Aller au contenu

Page:Balzac - Contes drolatiques.djvu/73

La bibliothèque libre.
Cette page a été validée par deux contributeurs.
45
LE PÉCHÉ VÉNIEL.

— Ah ! feit-elle d’une mine songeuse, c’est doncques la raison pourquoi ma mère pleuroyt de ladicte métamorphose ; mais Berthe de Preuilly, qui est si dévotieuse d’estre muée en femme, m’ha dict que rien ne estoyt de plus facile au monde.

— C’est selon l’aage, respondit le vieulx seigneur. Mais avez-vous veu à l’escuyerie la belle hacquenée blanche, dont on parle tant en Touraine ?

— Oui, elle est bien doulce et plaisante.

— Eh bien, ie vous la donne ; et vous pourrez la monter toutes et quantes foys que vous en aurez la phantaisie.

— Oh ! vous estes bien bon, et l’on ne me ha pas menty en me le disant.

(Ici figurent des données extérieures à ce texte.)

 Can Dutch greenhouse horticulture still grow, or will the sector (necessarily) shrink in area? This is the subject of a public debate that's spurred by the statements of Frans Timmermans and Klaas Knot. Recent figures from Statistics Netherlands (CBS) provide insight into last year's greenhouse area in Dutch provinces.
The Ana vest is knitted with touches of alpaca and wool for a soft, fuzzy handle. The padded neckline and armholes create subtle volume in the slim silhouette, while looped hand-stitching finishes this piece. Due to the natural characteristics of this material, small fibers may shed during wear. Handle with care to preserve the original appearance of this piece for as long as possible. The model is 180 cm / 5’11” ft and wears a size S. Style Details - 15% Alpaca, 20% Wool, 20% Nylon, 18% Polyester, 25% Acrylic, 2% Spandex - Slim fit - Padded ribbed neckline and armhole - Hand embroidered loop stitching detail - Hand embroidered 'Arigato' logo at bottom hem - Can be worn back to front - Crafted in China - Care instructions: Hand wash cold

— Icy, reprint-il, ma mye, le sommelier, le chapelain, le thrézorier, l’escuyer, le queux, le baillif, voire mesme le sire de Montsoreau, ce ieune varlet qui ha nom Gauttier et porte ma bannière, avecques ses hommes d’armes, capitaines, gens et bestes, tout est à vous, et suyvra vos commandemens à grand erre, soubz peine d’estre incommodé de la hart.

— Mais, reprint-elle, ceste opération d’alquemie ne sçauroyt-elle se faire incontinent ?

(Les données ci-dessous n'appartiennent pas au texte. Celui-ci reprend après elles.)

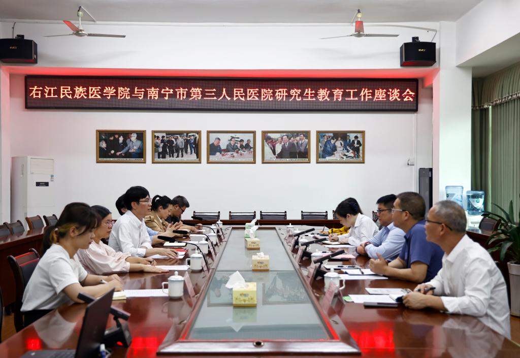 3月25日,南宁市第三人民医院院长谢丽圣带队到Beat365官网调研交流。Beat365官网在图书馆二楼会议室召开座谈会,学校党委常委、副校长解继胜出席会议,临床医学院、研究生学院相关负责人参加会议。
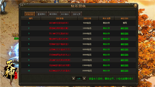 所谓财富,就是积少成多,没有办法爆BOSS夺神装,爆点单件装备赚点小钱也是可以哒!通过“单件限时”活动,玩家可以将一些日常常见的装备兑换小额的钻石,从20钻/件——3000钻/件,只要你能拿的到,统统都能兑成钱!当然越容易获得的装备,抢占名额也就越难,如果你手里刚好有这些宝贝,事不宜迟,马上兑换钻石,通过合理的理财使自己富足吧!
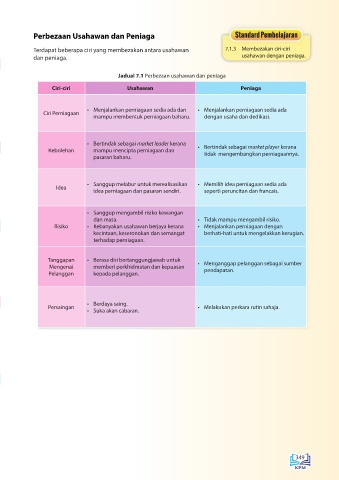 Jadual 7.1 Perbezaan usahawan dan peniaga
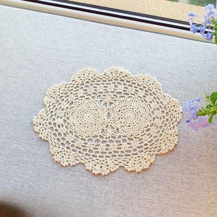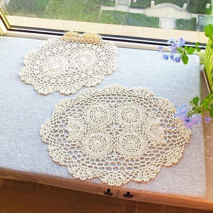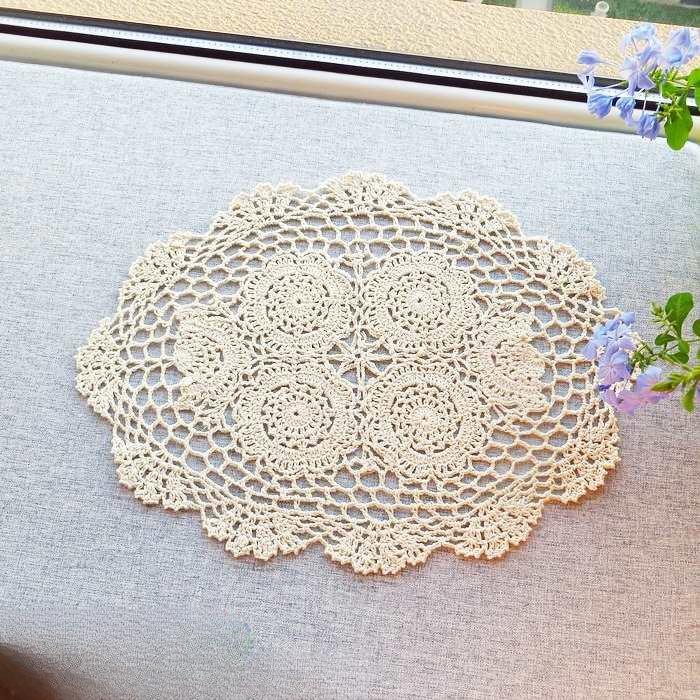 Mantel individual de flor de ganchillo hecho a mano al por mayor tejido nostálgico vintage pastoral accesorios para sesión de fotos tapete de mesa decorativo ovalado
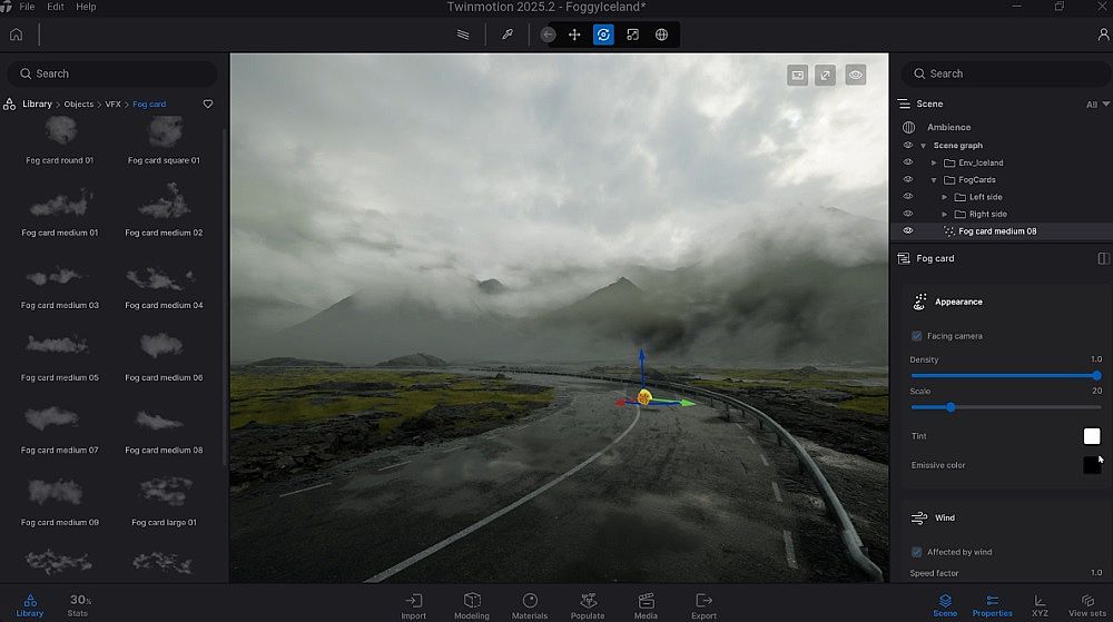 同時,新增的 17種動畫霧效卡片 讓用戶只需拖放即可為場景添加氤氳霧氣。霧效響應風向與風速變化,性能開銷極低,是快速塑造氛圍的理想工具。
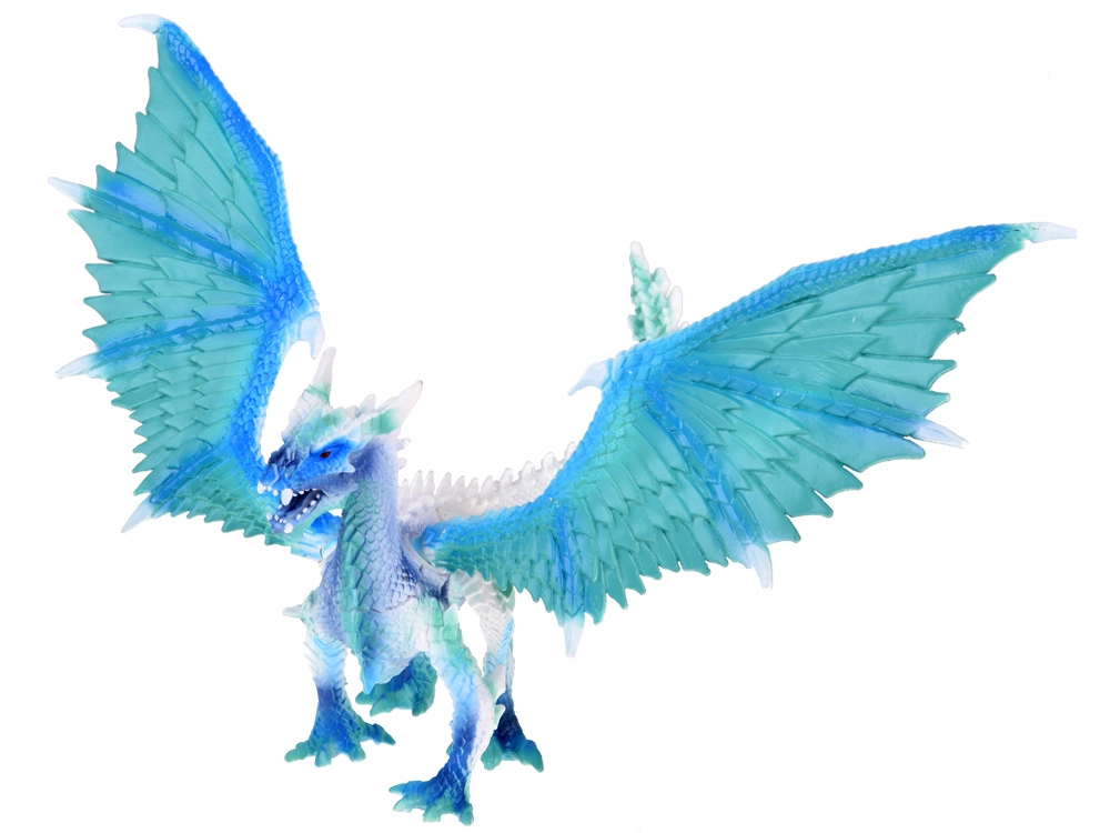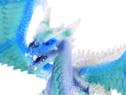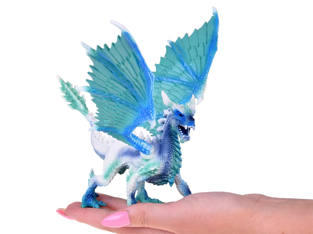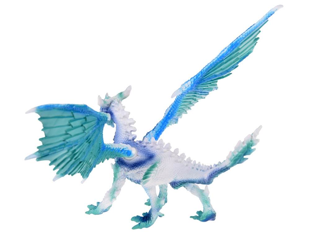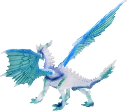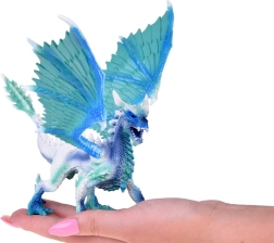 Впечатляваща фигура на леден дракон в синьо‑бели тонове, която впечатлява с прецизната изработка, реалистичните детайли и подвижните крила. Здравата пластмасова конструкция, ръчно рисуваните детайли и стабилната стойка правят тази фигура чудесно допълнение както за игра, така и за колекция.
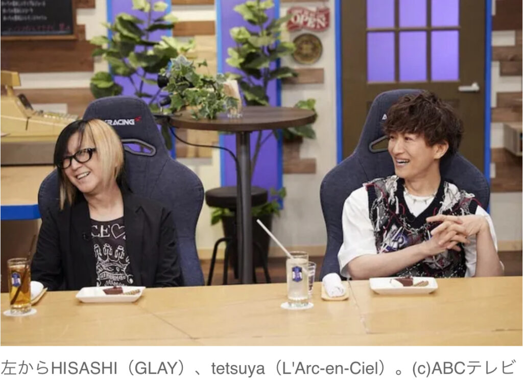 1: 尺アジ ★ 2024/05/14(火) 23:23:44.02 ID:/PGYymOo9 明日5月15日にABCテレビでオンエアされる「これ余談なんですけど…」にHISASHI(GLAY)とtetsuya(L'Arc-en-Ciel)がゲスト出演する。「これ余談なんですけど…」は司会のかまいたちとゲストが気になる...

— Oh ! non, reprit le senneschal. Pour ce, il faut que, sur toute chouse, nous soyons l’un et l’aultre en parfaict estat de graace devant Dieu ; sinon, nous aurions ung maulvais enfant, couvert de péchez ; ce qui est interdict par les canons de l’Ecclise. C’est la raison de ce que se treuvent tant de garnemens incorrigibles dans le monde. Leurs parens n’ont point saigement attendu d’avoir l’ame saine, et ont faict de meschantes ames à leurs enfans : les beaulx et vertueux viennent de pères immaculez… C’est pour ce que, nous aultres, faisons bénir nos licts, comme ha faict l’abbé de Marmoustiers de cettuy-cy… N’avez-vous pas transgressé les ordonnances de l’Ecclise ?

— Oh ! non, dit-elle vivement ; i’ay reçu, avant la messe, l’absolution de toutes mes faultes ; et, depuis, suis restée sans commettre le plus menu péché.

— Vous estes bien parfaicte ! … s’escria le rusé seigneur, et suis ravy de vous avoir pour espouse : mais moy, i’ay iuré comme un payen.

— Oh ! Et pourquoy ?

— Pour ce que la dance ne finoyt point, et que ie ne pouvoys vous avoir à moy, pour vous emmener icy et vous baiser.